O mundo intelectual não propõe, porque lhe falta vocação para decifrar nossas ambigüidades estruturais. Observa-se aí uma espécie de anestesia que contamina um setor que, por dever de ofício, deveria se esmerar em decodificar os sinais que desmontam a exclusão no Brasil. Tem-se na maioria das vezes uma simplificação patética que aponta a dependência externa, a globalização, a crise sistêmica do capitalismo volátil, a corrupção, a baixa escolaridade, a violência e outros componentes críticos que nos barbarizam. Efeitos e causas se amontoam aleatoriamente numa clara evidência de falta de densidade.

Omitem-se sempre os consensos internos de nossa exclusiva responsabilidade, os quais consolidam uma exclusão já cristalizada. Falar em desenvolvimento puro e simples sem formular antes uma nova cultura do desenvolvimento a ser empreendida, soa como um sofisma num país onde uma em cada três pessoas vive abaixo das condições mínimas de sobrevivência. Esquece-se que por cerca de 50 anos o Brasil foi um dos países que mais cresceu no século XX, saiu de uma economia modesta e rural nos anos 30 para uma industrialização que o colocou entre os mais ricos do mundo. É bom lembrar: o Brasil cresceu excluindo, o que revela uma atipicidade compreensível por se tratar de ex-colônia ibérica, onde a manutenção dos privilégios é regra de ouro, fundada sob o signo da escravidão.
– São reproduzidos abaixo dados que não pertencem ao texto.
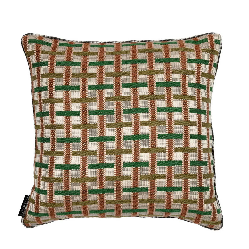 The Ivy cushion from La Maison Casamance features a checkered pattern on one side, composed of structured lines. The lines intersect with precision, creating a graphic pattern with a subtle texture. Its plain reverse side features a understated surface that reveals the tactile richness of the material. Crafted from cotton and linen, this design features a natural texture accentuated by a piping finish.
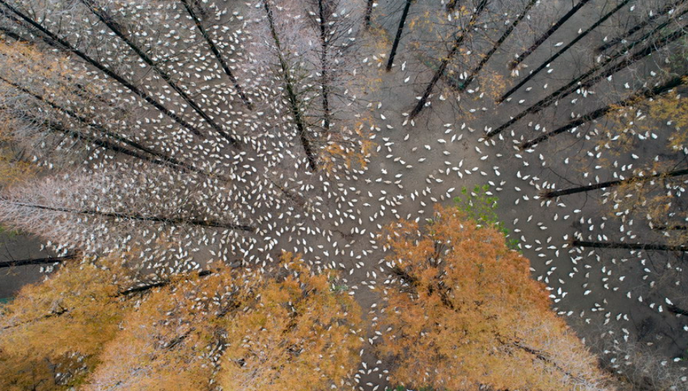 江蘇泗洪5000多只鵝林場吃食 場面壯觀

Não reconhecer ainda que o desemprego estrutural que temos exige uma política econômica nova, que seja capaz de impulsionar quem foi historicamente desvalorizado, é máfé ou desconhecimento do que sempre fomos. Bater prego com serrote e serrar madeira com martelo vem sendo a tônica adotada no Brasil, cuja pobreza não se confunde com aquela que um dia existiu na Itália ou na Inglaterra. As ferramentas não se ajustam ao trabalho a ser empreendido.

Um projeto de nação brasileira requer que a inclusão passe a ser um ideal obsessivo a ser conquistado. Para tanto, falta desenvolver o que denominamos tecnologia da inclusão, constructo multidisciplinar que envolve mais do que tecnalidades de cunho econômico, considerando também as de ordem psicológica e cultural. A ausência de um projeto de nação se vincula ainda à identidade nacional, tema não debatido em profundidade porque esbarra nos ideais étnico-culturais inconfessos de uma elite imersa num mega-complexo de inferioridade, resultante de uma miscigenação não integradora, iniciada nove meses após abril de 1500.

O desenvolvimento de uma estratégia econômica, que tenha como missão incluir os milhões de sub-cidadãos barbarizados socialmente pela incúria do Estado, deve priorizar um modelo de auto-sustentação nacional. Não nos referimos a uma espécie de mutirão social, tão ao gosto da gestão pública “meia-boca”, ditada pelo oportunismo e filha dileta da breguice política, que campeia solta como praga sistêmica. A falta de paixão observada no opaco cenário político brasileiro – hiato presente desde a campanha das Diretas-Já e se agrava cada vez mais – parece decorrer da incapacidade das lideranças (políticas, sindicais e intelectuais) em induzir uma sinergia nova capaz de despertar o sonho que embalou a minha geração: o de construir um país justo.